Task statement
What is needed is the full listing written out exactly, minus the pictures.

*** Opening of Source material ***

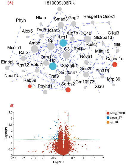 Pearson correlation analysis and PCA were employed to analyze the similarity of whole proteins in groups C and M according to the types and contents of proteins in the two groups. The closer the Pearson correlation was to 1, the higher the similarity of protein composition between groups C and M [30]. In addition, 47 differentially expressed proteins (DEPs), including 20 upregulated and 27 downregulated proteins were identified. It cannot be ignored that phospholipids not only have a positive effect on behavior, but also participate in the upregulation of genes such as neurodevelopment in the hippocampus [31]. The most upregulated proteins were associated with memory and cognition [32,33,34,35]. Rab proteins are a vesicle transporter regulatory group. They are located in different membrane structures and regulate vesicle transport, affecting neuromodulation and cognitive ability by affecting the formation of synapses [36]. Deletion of Rab39b resulted in impairments of synaptic structures and functions, with reductions in NMDA receptors in the postsynaptic density [32]. NMDA receptors, ionotropic glutamate receptor, is central to memory consolidation and spatial processing in the hippocampus [37]. Thus, upregulated expression of Rab 39 may promote synaptic structure formation and increased function to improve memory and cognitive performance in mice. Furthermore, in a previous study, the deletion of Sorbs2 in mice reduced dendritic complexity and excitatory synaptic transmission in DG granule cells and impaired acoustic startle response and long-term memory. The Cacna1e gene encodes CaV2.3 channels, which are widely expressed throughout the nervous system and are located in presynaptic terminals, dendritic spines, and some extrasynaptic sites. Disruption of CaV2.3 channel function leads to increased anxiety-like behavior and impaired spatial memory [38]. On the other hand, the top two proteins in the interaction network according to the degree of protein interaction were Hp and lrg1 (Figure 4A), the two most downregulated proteins. Multiple studies have shown that the expression of these two proteins leads to higher cognitive impairment [39,40]. The findings of Guerrero-Berroa et al. suggest that patients with type 2 diabetes and poor glycemic control carrying the Hp 1-1 genotype may be at increased risk of cognitive impairment, particularly in the attention/working memory domain [39]. Also, compelling evidence indicates that Lrg1 can promote apoptosis and autophagy to exacerbate ischemia/reperfusion-induced brain injury through the transforming growth factor beta (TGFβ)/SMAD signaling pathway [41]. In another study, Akiba et al. indicated that Lrg overexpression in the hippocampus can lead to synaptic dysfunction and to memory impairment with age [42].
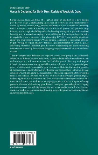 The nine chapters each dedicated to a vegetable crop or crop-group in this volume will deliberate on different types of biotic stress agents and their effects on and interaction with crop plants; will enumerate on the available genetic diversity with regard to biotic stress resistance among available cultivars; illuminate on the potential gene pools for utilization in interspecific gene transfer; will brief on the classical genetics of stress resistance and traditional breeding for transferring them to their cultivated counterparts; will enunciate the success stories of genetic engineering for developing biotic stress resistant varieties; will discuss on molecular mapping of genes and QTLs underlying biotic stress resistance and their marker-assisted introgression into elite varieties; will enunciate on different emerging genomics-aided techniques including genomic selection, allele mining, gene discovery and gene pyramiding for developing resistant crop varieties with higher quantity and better quality; and will also elaborate some casestudies ongenome editing focusing on specific genes for generating disease and insect resistant crops.
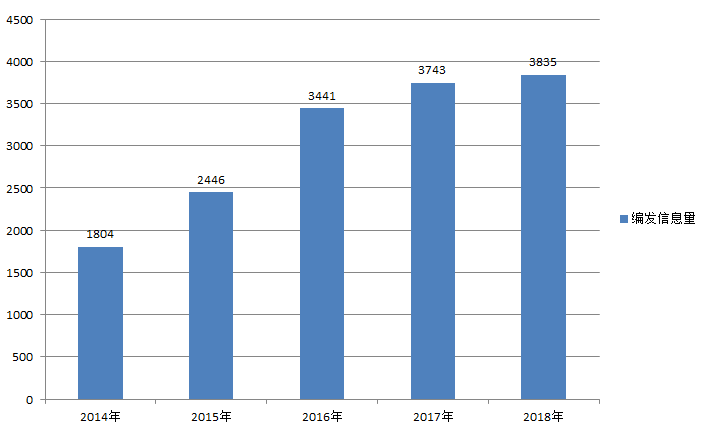 图1:江门市生态环境局2014-2018年编发信息量对比图
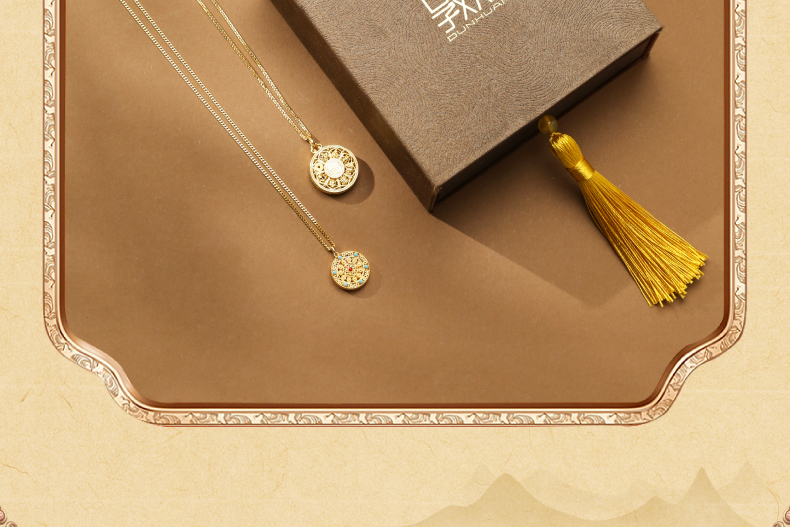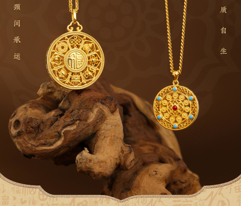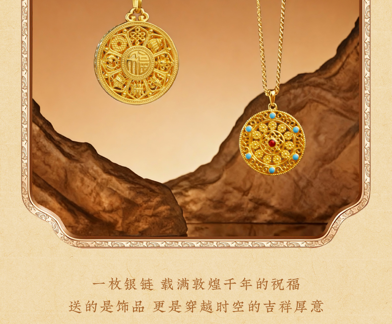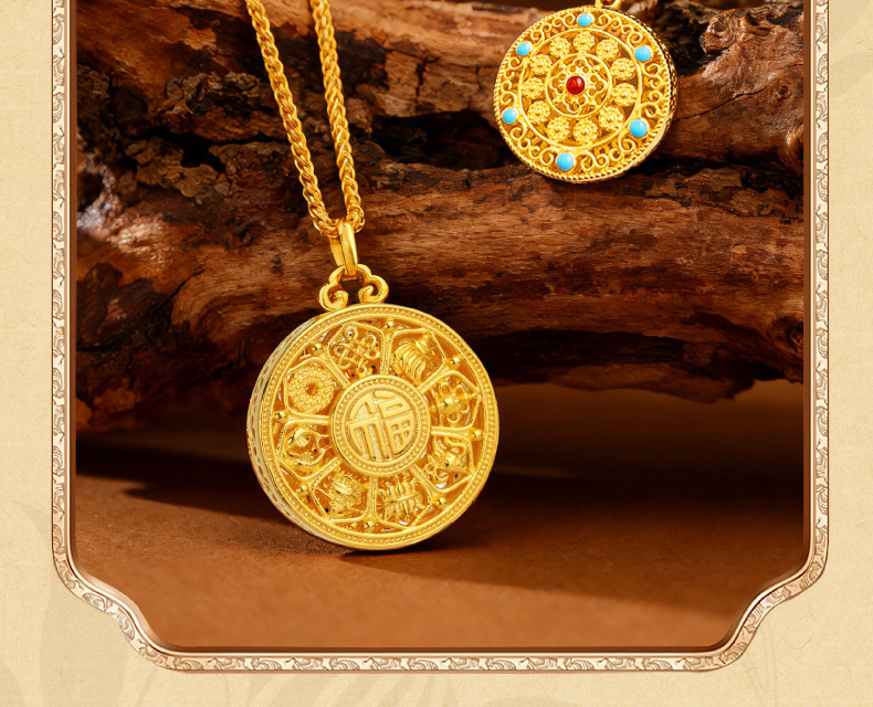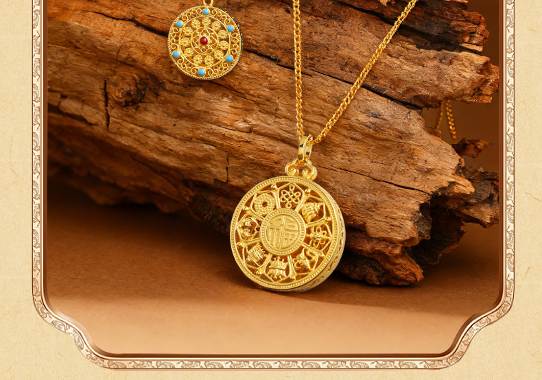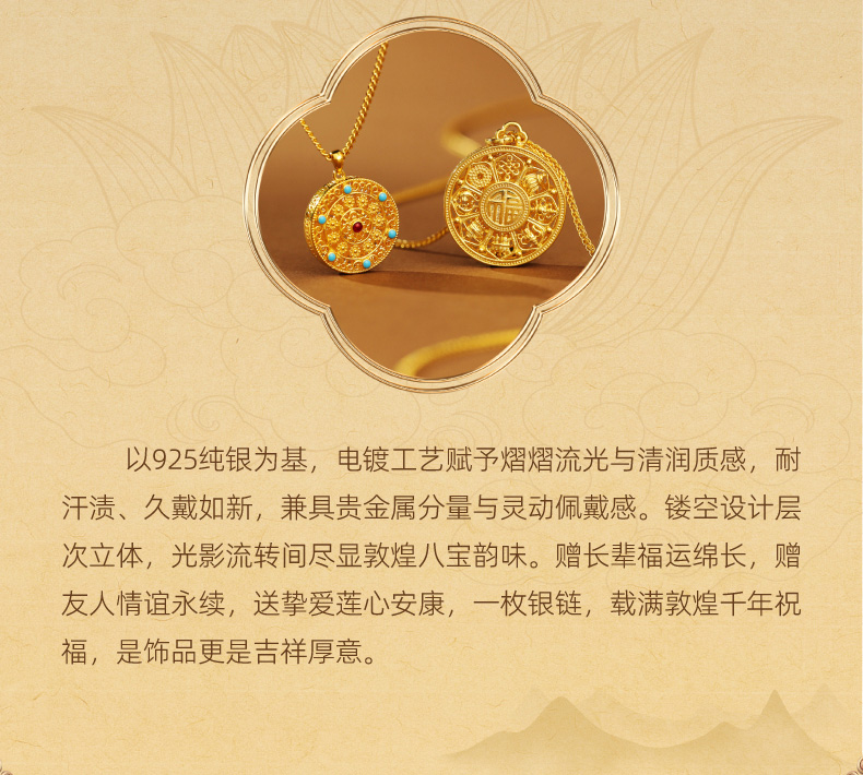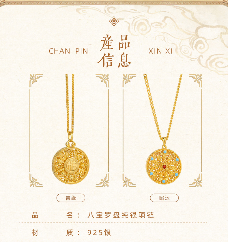 【八宝罗盘纯银项链】敦煌福泽s925纯银八宝罗盘项链 时来运转古法新中式吉祥莫桑石配饰

*** Close of Source material ***

Your response
 Pearson correlation analysis and PCA were employed to analyze the similarity of whole proteins in groups C and M according to the types and contents of proteins in the two groups. The closer the Pearson correlation was to 1, the higher the similarity of protein composition between groups C and M [30]. In addition, 47 differentially expressed proteins (DEPs), including 20 upregulated and 27 downregulated proteins were identified. It cannot be ignored that phospholipids not only have a positive effect on behavior, but also participate in the upregulation of genes such as neurodevelopment in the hippocampus [31]. The most upregulated proteins were associated with memory and cognition [32,33,34,35]. Rab proteins are a vesicle transporter regulatory group. They are located in different membrane structures and regulate vesicle transport, affecting neuromodulation and cognitive ability by affecting the formation of synapses [36]. Deletion of Rab39b resulted in impairments of synaptic structures and functions, with reductions in NMDA receptors in the postsynaptic density [32]. NMDA receptors, ionotropic glutamate receptor, is central to memory consolidation and spatial processing in the hippocampus [37]. Thus, upregulated expression of Rab 39 may promote synaptic structure formation and increased function to improve memory and cognitive performance in mice. Furthermore, in a previous study, the deletion of Sorbs2 in mice reduced dendritic complexity and excitatory synaptic transmission in DG granule cells and impaired acoustic startle response and long-term memory. The Cacna1e gene encodes CaV2.3 channels, which are widely expressed throughout the nervous system and are located in presynaptic terminals, dendritic spines, and some extrasynaptic sites. Disruption of CaV2.3 channel function leads to increased anxiety-like behavior and impaired spatial memory [38]. On the other hand, the top two proteins in the interaction network according to the degree of protein interaction were Hp and lrg1 (Figure 4A), the two most downregulated proteins. Multiple studies have shown that the expression of these two proteins leads to higher cognitive impairment [39,40]. The findings of Guerrero-Berroa et al. suggest that patients with type 2 diabetes and poor glycemic control carrying the Hp 1-1 genotype may be at increased risk of cognitive impairment, particularly in the attention/working memory domain [39]. Also, compelling evidence indicates that Lrg1 can promote apoptosis and autophagy to exacerbate ischemia/reperfusion-induced brain injury through the transforming growth factor beta (TGFβ)/SMAD signaling pathway [41]. In another study, Akiba et al. indicated that Lrg overexpression in the hippocampus can lead to synaptic dysfunction and to memory impairment with age [42].
 The nine chapters each dedicated to a vegetable crop or crop-group in this volume will deliberate on different types of biotic stress agents and their effects on and interaction with crop plants; will enumerate on the available genetic diversity with regard to biotic stress resistance among available cultivars; illuminate on the potential gene pools for utilization in interspecific gene transfer; will brief on the classical genetics of stress resistance and traditional breeding for transferring them to their cultivated counterparts; will enunciate the success stories of genetic engineering for developing biotic stress resistant varieties; will discuss on molecular mapping of genes and QTLs underlying biotic stress resistance and their marker-assisted introgression into elite varieties; will enunciate on different emerging genomics-aided techniques including genomic selection, allele mining, gene discovery and gene pyramiding for developing resistant crop varieties with higher quantity and better quality; and will also elaborate some casestudies ongenome editing focusing on specific genes for generating disease and insect resistant crops.
 图1:江门市生态环境局2014-2018年编发信息量对比图
 【八宝罗盘纯银项链】敦煌福泽s925纯银八宝罗盘项链 时来运转古法新中式吉祥莫桑石配饰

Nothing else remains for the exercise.